And when the volume was brought to him the King sat down and read all about steeplejacks and climbing irons, and cranks, and pulleys, and all the other various appliances requisite for the driving of that dreadful trade; read also how the men were inclined to prime themselves for the task in ever-increasing measure, and so one day having over-primed to be found at the bottom instead of at the top, knowing nothing themselves of how they got there.
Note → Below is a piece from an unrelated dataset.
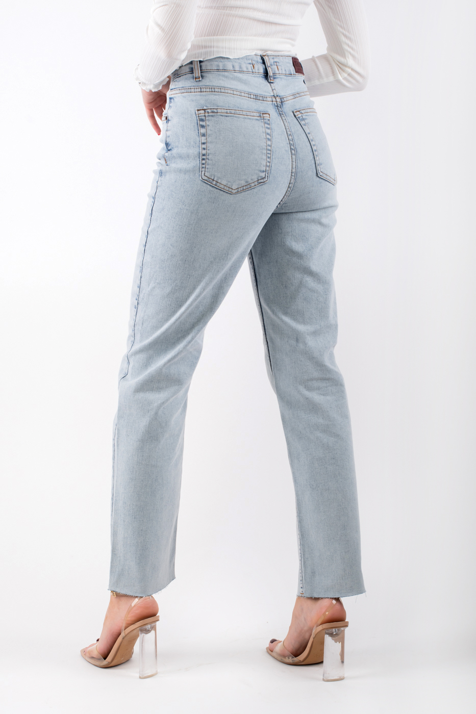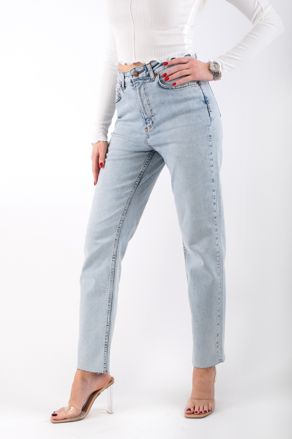D-418 Джинси МОМ з необробленим низом світло-блакитні

It was all very interesting and very apposite, and rather pathetic; and when he had done he turned over the pages backward till he came from steeplejacks to "Statesmen" and "Statecraft" and "Statutes" and the affairs of State in general (it was from the Encyclopedia Appendica—a presentation copy—that he got most of his information upon practical things); and in these articles he became so absorbed that he quite forgot how time flew, until his chief secretary came formally to announce to him that the hour for appearing in Council had arrived.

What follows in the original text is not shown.